CDC’s 2-Year Data Plan Eyes End-of-Year Milestones
The agency’s new data and technology office’s director is harnessing challenges for new opportunities in public health.
The Centers for Disease Control and Prevention (CDC) is nearing the end of the first of a two-year plan that addresses gaps in public health data and improve public health decision-making.
“There’s such a great opportunity in public health — a need to advance the way that we exchange data,” said Dr. Jennifer Layden, director of the new Office of Public Health Data, Surveillance, and Technology (OPHDST) charged with executing the plan, at last week’s Health IT Summit.
The plan, called CDC Moving Forward, comes with a set of milestones through 2024 that is taking on various pieces within an overall transformation for the way data is captured and shared across the public health ecosystem. The impetus came during the COVID-19 pandemic when the health ecosystem wasn’t equipped to provide the immediate and accurate data for a public health crisis.
“I saw it, working on the clinical side, and the challenges of reporting to public health. I felt it at the state and city level when we were relying on data and really often had boxes or faxes of content that we had to dig to get to, to really inform some of the critical action,” Layden said.
Some of the plan’s goals outline steps to increase interoperability and create systems that are no longer siloed and improve communication.
“We are at a transformative moment to bring together the technology, the leadership, the resources to actually make the capabilities we need to keep Americans safe going forward,” said Dylan George, director of operations for the CDC’s Center for Forecasting and Outbreak Analytics, at a panel during the HIMSS conference in April. “We are in this transformational moment to build the better data, the better analytics for that better response.”

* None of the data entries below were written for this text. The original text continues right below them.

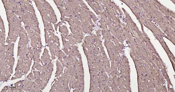Immunohistochemical analysis of paraffin embedded mouse heart tissue slide using IHC0418M (Mouse ATP5A IHC Kit).
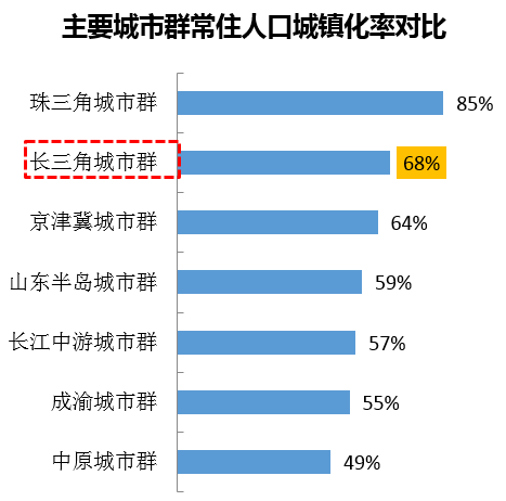 目前,长三角城市群常住人口城镇化率为68%,高于我国常住人口城镇化率57.4%。长三角城市群26个城市中城镇化率高于60%(高于全国平均水平)的城市有21个,城镇化水平相较其他城市群发展较高;长三角城市群商品房销售金额为2.6亿元。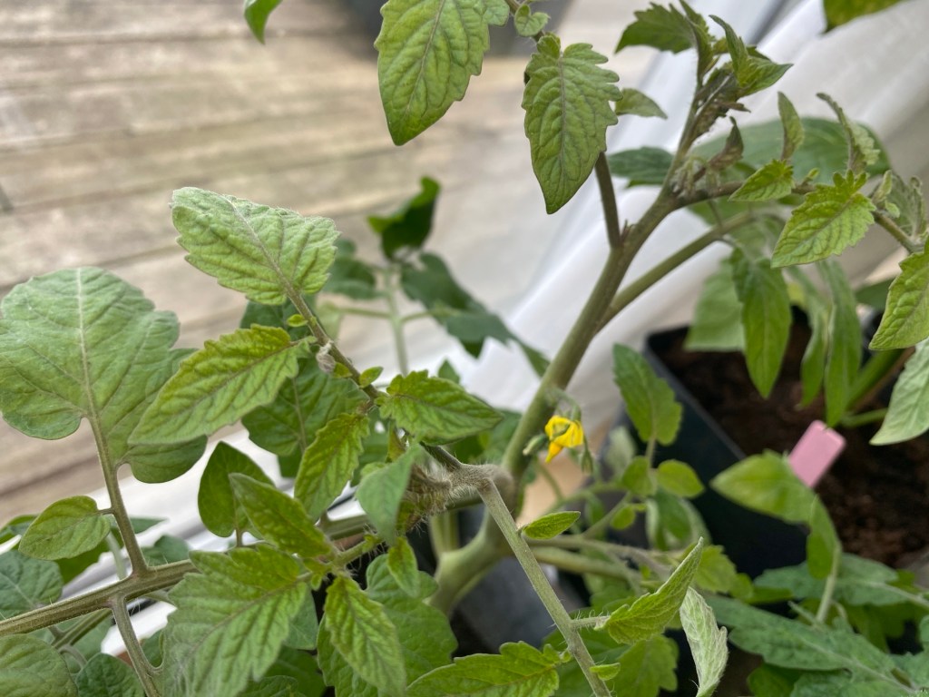 Och inne händer det grejer också! Espeletten har frukt och de första fyra satta tomatplantorna har knoppar. Och en blommar till och med.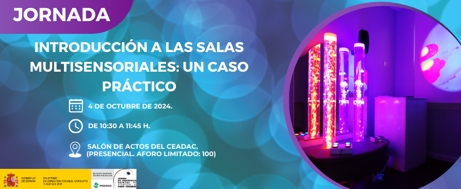 El 4 de octubre el Centro de Referencia Estatal de Atención al Daño Cerebral (Ceadac), dependiente del Imserso, celebrará la Jornada Introducción a las salas multisensoriales: un caso práctico. El evento tendrá lugar desde las 10:30 a las 11:45h. en el Salón de Actos del Ceadac y se realizará exclusivamente en formato presencial.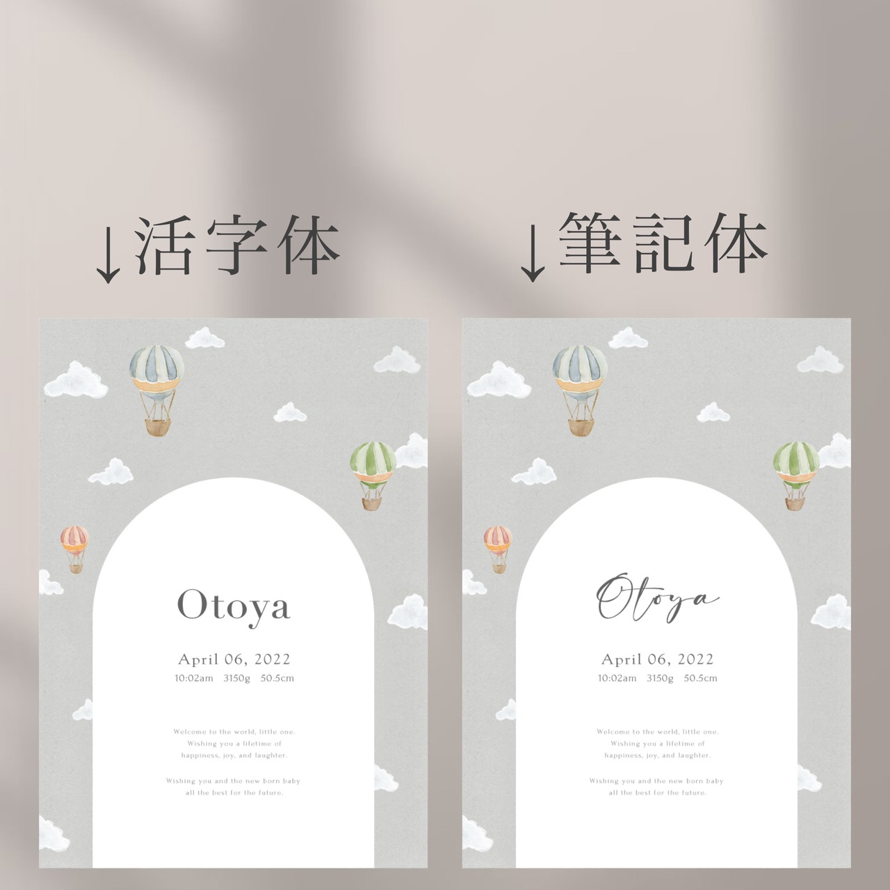 baby poster【Arch and Balloons】/ ローマ字表記 / 命名書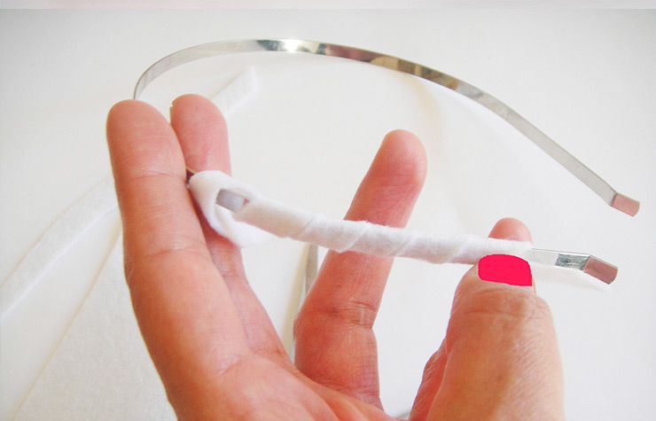 - גזרו רצועות ברוחב חצי סנטימטר ולפפו אותן סביב הקשת. מרחו דבק על הקשת על מנת לקבע את הכיסוי. ( השלב הנ"ל הוא לא חובה, אפשר גם להסתפק בקשת רגילה ולדלג לשלב הבא)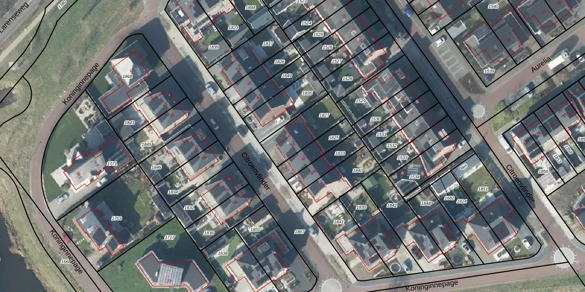 Het perceel waarop Citroenvlinder 46 staat heeft een oppervlakte van 295 m². Dit is een middelgroot perceel. De perceeloppervlakte wordt geregistreerd door het Kadaster. Gedetailleerde informatie over de maten van dit perceel kunt u vinden in het rapport Kadastrale kaart met maatvoering van Citroenvlinder 46.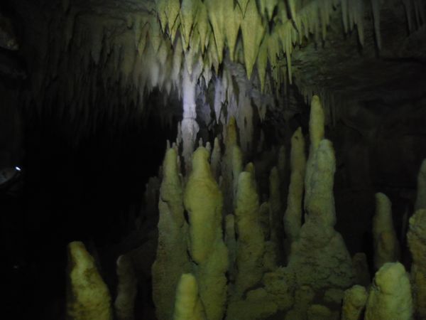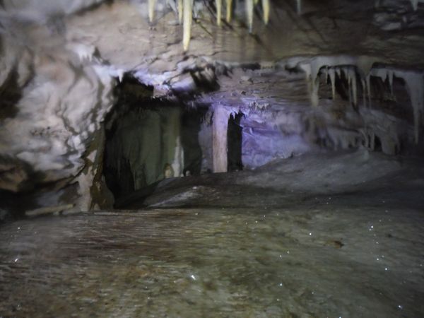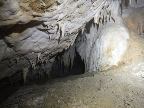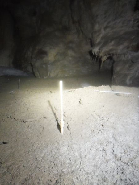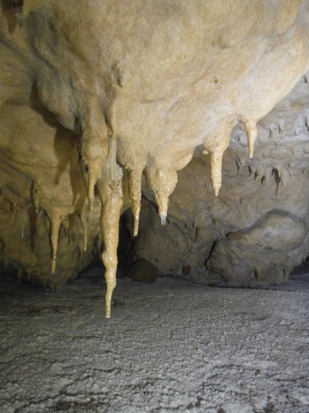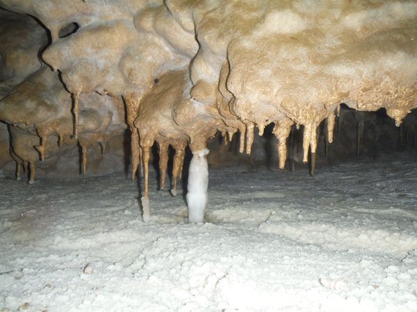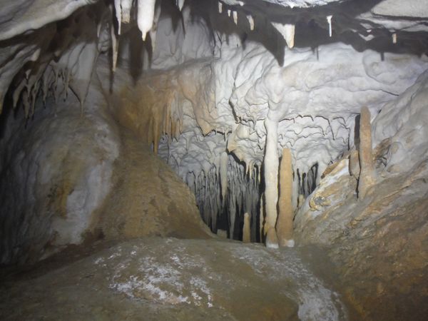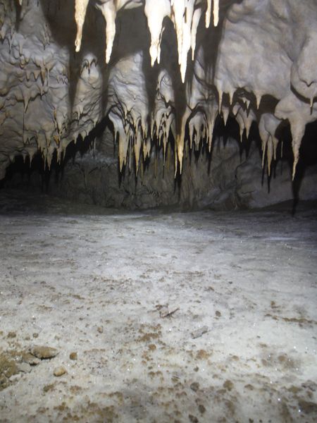 Il pavimento e’ una sottile crosta di concrezione di un bianco candido. Alcune stalattiti sembrano esservi rimaste conficcate dentro.

Previously, the agency relied on multiple systems to coordinate data strategies, but now the office will lead a coordinated strategic public health data strategy in a a co-leadership model.
“Bringing in folks from private health IT expertise to have public health experts and technology data science experts help to lead the critical work that we need to undertake in public health,” Layden said.
Amid these efforts come with challenges. Layden said one is alignment across not only CDC, but also with its jurisdiction partners.
“Much of the information and control, and really authority, lies within state and local health jurisdictions. We like to yell at the CDC a lot … but the reality is, they can only give us back information that they’re able to get in,” said Dr. Anne Zink, chief medical officer at the Alaska Department of Health at a panel during HIMSS in April. “It’s going to take all of us to solve this problem.”
So far, Layden said the agency has seen great progress with one of its milestones around automated electronic case reporting (eCR). By the end of 2023, the agency is targeting 32 jurisdictions to ingest eCR data into disease surveillance systems.
“Before COVID we had less than 200 health care facilities that could send these electronic case reports. We now have over 28,000 facilities, and we’re fortunate that partners, for example at CMS, are helping to incentivize that reporting,” Layden said. “It’s setting out these very concrete milestones.”